Im vergangenen November war es Antz, eine clevere, in manchem ziemlich bissige Satire aus der Spielbergschen »Dreamworks«-Fabrik; jetzt legt der Disney-Konzern mit A Bug´s Life nach. Es ist offensichtlich: Die eigentliche Schlacht wird an den Kinokassen ausgefochten, dem Angriff des Newcomers folgt nun die Gegenoffensive des bisherigen Monopolisten. Finanziell war das Duell für beide Seiten erfolgreich: Auf Platz zwei und drei liegen die beiden Filme in der 98er US-Jahresbilanz, vor ihnen steht nur James Camerons oscargeschmückter Katastrophentraum Titanic. Dieses Resultat kommt freilich fast einer Niederlage für Disney gleich, denn »Dreamworks« scheint vorerst als gleichrangiger Konkurrent etabliert.

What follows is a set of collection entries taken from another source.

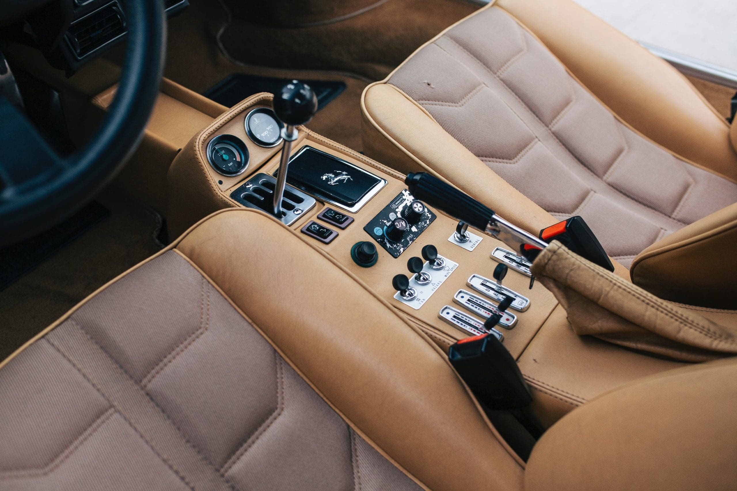 Air conditioning was optional and rarely specified. Sound insulation was minimal, though the turbocharger muffled engine noise compared to naturally aspirated Ferraris.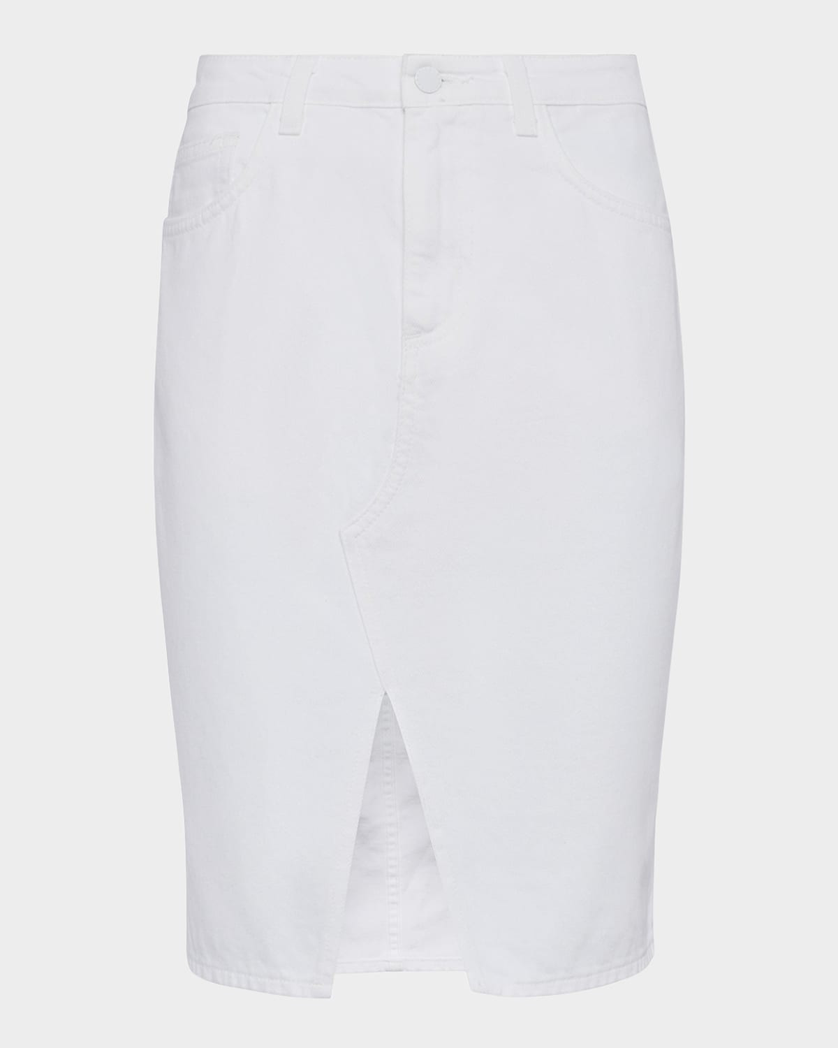 - L'Agence "Tylee" knee-length skirt in crisp white denim - High rise - Five-pocket style - Pencil style - Center front slit - Button/zip fly; belt loops - Cotton - Made in USA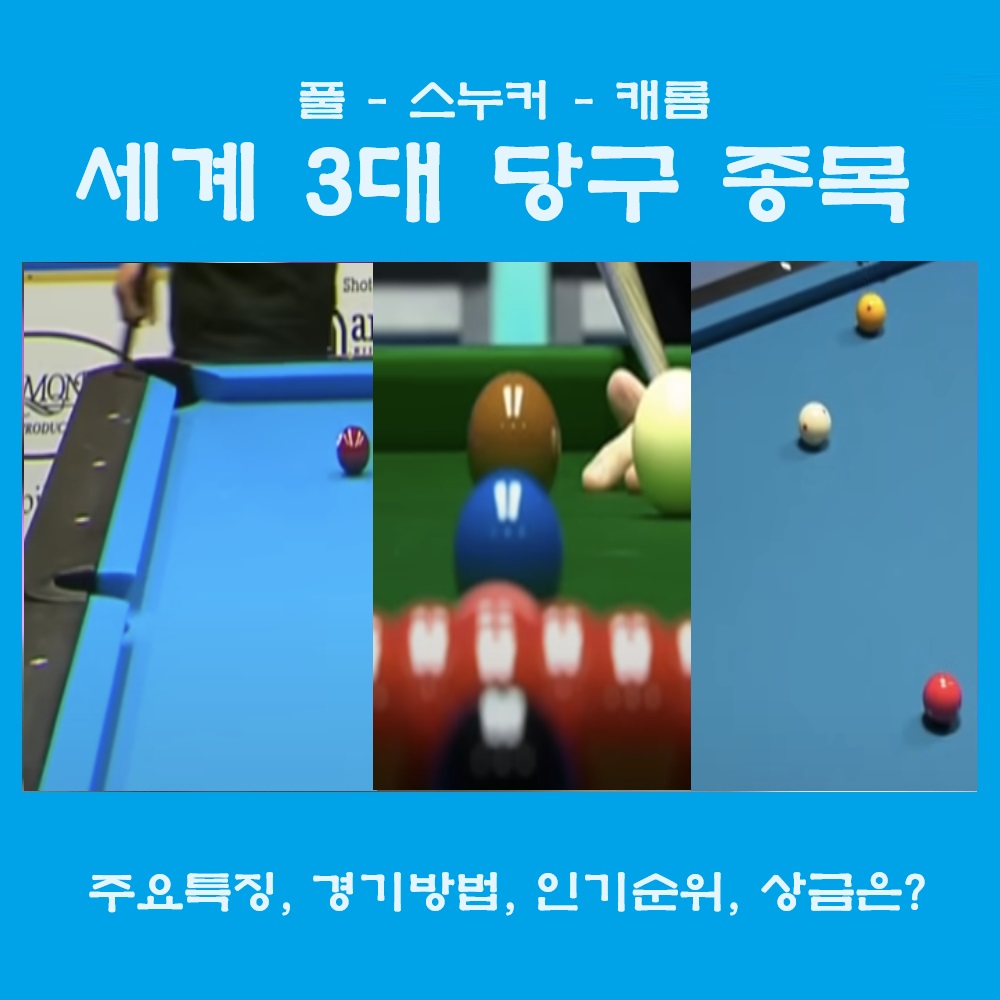 당구에 진심인 당구팬들을 위한 당구정보입니다. 오늘은 동네 당구의 시선에서 잠시 벗어나, 전 세계인들이 즐기는 3대 당구 종목 스누커, 풀(포켓볼), 캐롬의 개요 및 특징, 경기 및 득점 방법 정보를 정리해 보았습니다. 정리하다 보니, 제가 몰랐던 당구 지식도 제법 알게 되었습니다.

Aber welcher Film überzeugt künstlerisch? Grob gesagt: Antz war mit seinem subtilen Dialogwitz ein Film für Erwachsene, und vor allem für diejenigen, die Englisch können. Alle anderen verpaßten die Synchronstimmen von Woody Allen, Sharon Stone und vielen anderen Stars. A Bug´s Life scheint kindgerechter, denn es ist alles in allem etwas
simpler gestrickt. Nichts ist hier zu spüren von der Melancholie des Arbeiterhelden in Antz, die unter ihrem Schicksal und der arbeitsteiligen Ameisenökonomie leidet. Bei Disney ist alles hell und fröhlich, etwas schneller und witziger allerdings auch.
Ganz kurz darf man in A Bug´s Life sogar an Kurosawas Die sieben Samurai (oder zumindest John Sturges' Western-Adaption Die glorreichen Sieben denken, und diesem schaumig-leichten Unterhaltungskino einen ernsthaften Subtext unterstellen.)
Wer beide Filme gesehen hat, ist über die Ähnlichkeiten der Story verblüfft: Hier wie da eine glücklose, träumerische Ameise, der sich dem antiindividuellen Sklavenregime nicht unterordnen will. Und als dann eine Heuschreckenarmee angreift, zeigt sich, daß selbst Ameisen nicht ohne Individualität überleben können. Das ist dann plötzlich sehr amerikanisch, und so egalitär, wie es bei echten Ameisen niemals zugeht. Aber bei denen ist sowieso alles anders: Schließlich sind es da die Frauen, die in den Krieg ziehen. Die Männer bleiben zuhause und fressen sich satt.